Given data »

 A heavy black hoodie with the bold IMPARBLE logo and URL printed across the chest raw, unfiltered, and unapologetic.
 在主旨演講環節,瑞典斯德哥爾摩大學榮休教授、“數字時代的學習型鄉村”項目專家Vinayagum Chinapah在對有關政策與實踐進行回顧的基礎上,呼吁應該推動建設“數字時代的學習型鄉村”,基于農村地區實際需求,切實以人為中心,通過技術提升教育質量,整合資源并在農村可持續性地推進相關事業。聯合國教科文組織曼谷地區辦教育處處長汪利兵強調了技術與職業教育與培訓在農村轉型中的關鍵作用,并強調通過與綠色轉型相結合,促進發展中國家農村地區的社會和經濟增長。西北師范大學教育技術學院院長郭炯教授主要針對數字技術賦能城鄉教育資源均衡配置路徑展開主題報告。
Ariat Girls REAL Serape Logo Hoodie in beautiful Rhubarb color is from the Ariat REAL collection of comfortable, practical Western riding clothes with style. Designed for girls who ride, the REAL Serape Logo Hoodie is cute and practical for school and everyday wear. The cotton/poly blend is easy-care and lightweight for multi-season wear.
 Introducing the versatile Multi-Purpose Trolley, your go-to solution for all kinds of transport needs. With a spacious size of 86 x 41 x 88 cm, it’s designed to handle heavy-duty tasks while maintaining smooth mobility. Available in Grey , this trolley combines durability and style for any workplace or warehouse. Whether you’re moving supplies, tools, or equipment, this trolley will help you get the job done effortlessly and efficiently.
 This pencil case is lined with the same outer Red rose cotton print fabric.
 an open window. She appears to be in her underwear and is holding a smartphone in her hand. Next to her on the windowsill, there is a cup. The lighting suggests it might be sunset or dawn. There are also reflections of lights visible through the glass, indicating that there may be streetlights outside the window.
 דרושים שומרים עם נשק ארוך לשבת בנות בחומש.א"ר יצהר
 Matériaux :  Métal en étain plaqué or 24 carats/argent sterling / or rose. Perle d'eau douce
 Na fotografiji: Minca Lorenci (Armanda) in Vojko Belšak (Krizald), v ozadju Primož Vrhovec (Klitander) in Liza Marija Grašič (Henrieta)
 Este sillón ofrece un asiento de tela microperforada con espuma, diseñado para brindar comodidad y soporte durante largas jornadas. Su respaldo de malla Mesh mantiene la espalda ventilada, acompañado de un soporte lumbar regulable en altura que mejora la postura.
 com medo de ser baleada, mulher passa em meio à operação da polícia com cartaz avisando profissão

Task details » Would you reproduce the full listing without changing a single word?

Task response »
 A heavy black hoodie with the bold IMPARBLE logo and URL printed across the chest raw, unfiltered, and unapologetic.
 在主旨演講環節,瑞典斯德哥爾摩大學榮休教授、“數字時代的學習型鄉村”項目專家Vinayagum Chinapah在對有關政策與實踐進行回顧的基礎上,呼吁應該推動建設“數字時代的學習型鄉村”,基于農村地區實際需求,切實以人為中心,通過技術提升教育質量,整合資源并在農村可持續性地推進相關事業。聯合國教科文組織曼谷地區辦教育處處長汪利兵強調了技術與職業教育與培訓在農村轉型中的關鍵作用,并強調通過與綠色轉型相結合,促進發展中國家農村地區的社會和經濟增長。西北師范大學教育技術學院院長郭炯教授主要針對數字技術賦能城鄉教育資源均衡配置路徑展開主題報告。
Ariat Girls REAL Serape Logo Hoodie in beautiful Rhubarb color is from the Ariat REAL collection of comfortable, practical Western riding clothes with style. Designed for girls who ride, the REAL Serape Logo Hoodie is cute and practical for school and everyday wear. The cotton/poly blend is easy-care and lightweight for multi-season wear.
 Introducing the versatile Multi-Purpose Trolley, your go-to solution for all kinds of transport needs. With a spacious size of 86 x 41 x 88 cm, it’s designed to handle heavy-duty tasks while maintaining smooth mobility. Available in Grey , this trolley combines durability and style for any workplace or warehouse. Whether you’re moving supplies, tools, or equipment, this trolley will help you get the job done effortlessly and efficiently.
 This pencil case is lined with the same outer Red rose cotton print fabric.
 an open window. She appears to be in her underwear and is holding a smartphone in her hand. Next to her on the windowsill, there is a cup. The lighting suggests it might be sunset or dawn. There are also reflections of lights visible through the glass, indicating that there may be streetlights outside the window.
 דרושים שומרים עם נשק ארוך לשבת בנות בחומש.א"ר יצהר
 Matériaux :  Métal en étain plaqué or 24 carats/argent sterling / or rose. Perle d'eau douce
 Na fotografiji: Minca Lorenci (Armanda) in Vojko Belšak (Krizald), v ozadju Primož Vrhovec (Klitander) in Liza Marija Grašič (Henrieta)
 Este sillón ofrece un asiento de tela microperforada con espuma, diseñado para brindar comodidad y soporte durante largas jornadas. Su respaldo de malla Mesh mantiene la espalda ventilada, acompañado de un soporte lumbar regulable en altura que mejora la postura.
 com medo de ser baleada, mulher passa em meio à operação da polícia com cartaz avisando profissão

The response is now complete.